I am training UNet with (4,40,40,40) size of input data. I performed some preprocessing and then fed the data into the network that uses Adam optimimzer and weighted CE Loss. However, around 9th epoch (total 90) the loss value is always 23.01 with train and validation F1-accurcy around 25%. I have tried many thing and checked every code multiple times but coldnt find the problem.
Code for layers of UNet:
class Conv(nn.Module):
def __init__(self, in_channels, out_channels, mid_channels=None):
super().__init__()
if not mid_channels:
mid_channels = out_channels
self.single_conv = nn.Sequential(
nn.Conv3d(in_channels, mid_channels, kernel_size=5, padding=2, bias=False),
nn.BatchNorm3d(mid_channels),
nn.ReLU(inplace = True), #put inplace = True when using RELU
nn.Conv3d(mid_channels, out_channels, kernel_size=5, padding=2, bias=False),
nn.BatchNorm3d(out_channels),
nn.ReLU(inplace = True)
) #Same kernel , stride and padding throughout
def forward(self, x):
return self.single_conv(x)
class Down(nn.Module):
def __init__(self, in_channels, out_channels):
super().__init__()
self.maxpool_conv = nn.Sequential(
nn.MaxPool3d(2),
nn.Dropout(p=0.2),
Conv(in_channels, out_channels)
)
def forward(self, x):
return self.maxpool_conv(x)
class Up(nn.Module):
def __init__(self, in_channels, out_channels, trilinear=True):
super().__init__()
# if trilinear, use the normal convolutions to reduce the number of channels
if trilinear:
self.up = nn.Upsample(scale_factor=2, mode='trilinear', align_corners=True)

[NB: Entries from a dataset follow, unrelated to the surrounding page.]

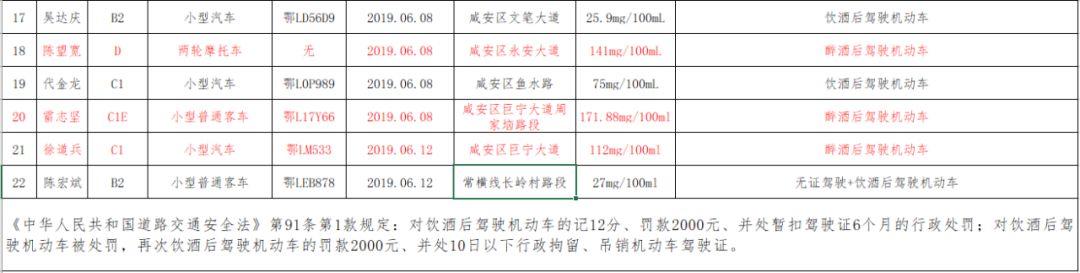 咸安公安分局交警大隊對酒駕醉駕持續(xù)保持高壓嚴(yán)管“零容忍”態(tài)勢,同時對近半個月(5月29日——6月13日)以來的酒駕醉駕駕駛?cè)诉M(jìn)行實名曝光。
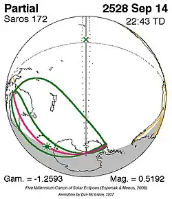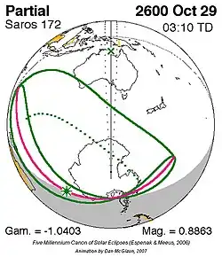 Saros 172 zonsverduisteringserie als bewegend beeld
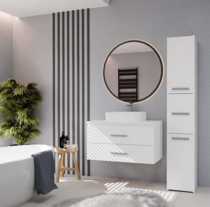 Zestaw mebli łazienkowych VAMI to kwintesencja nowoczesnego stylu. Dzięki otwartym półkom, szafki są lekkie wizualnie i perfekcyjnie wpisują się w najnowsze
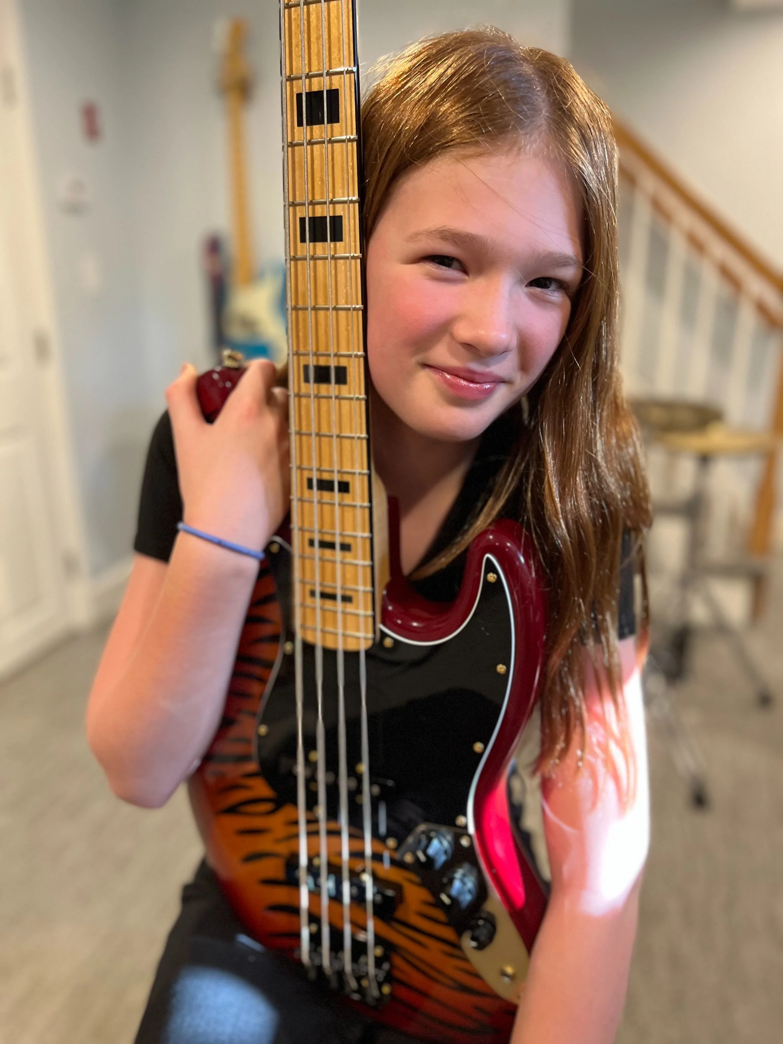 Ruby was thrilled to receive a new bass from Bite Guitars, a company located in Austria. She worked with Bite to customize the bass and designed it herself. To see this beauty close up, watch Ruby’s Instagram reel.

self.conv = Conv(in_channels, out_channels, in_channels // 2)
else:
self.up = nn.ConvTranspose3d(in_channels, in_channels // 2, kernel_size=2, stride=2)
self.conv = Conv(in_channels, out_channels)
def forward(self, x1, x2):
x1 = self.up(x1)
diffZ = x2.size()[2] - x1.size()[2]
diffY = x2.size()[3] - x1.size()[3]
diffX = x2.size()[4] - x1.size()[4]
x1 = F.pad(x1, [diffX // 2, diffX - diffX // 2,
diffY // 2, diffY - diffY // 2,
diffZ // 2, diffZ - diffZ // 2])
x = torch.cat([x2, x1], dim=1)
return self.conv(x)
class OutConv(nn.Module):
def __init__(self, in_channels, out_channels):
super().__init__()
self.conv = nn.Conv3d(in_channels, out_channels, kernel_size=1)
def forward(self, x):
return self.conv(x)
Code for model of UNet:
from UNet_Layers import *
class UNet_multichannels(nn.Module):
def __init__(self, n_channels, n_classes, feature, trilinear=True):
super(UNet_multichannels, self).__init__()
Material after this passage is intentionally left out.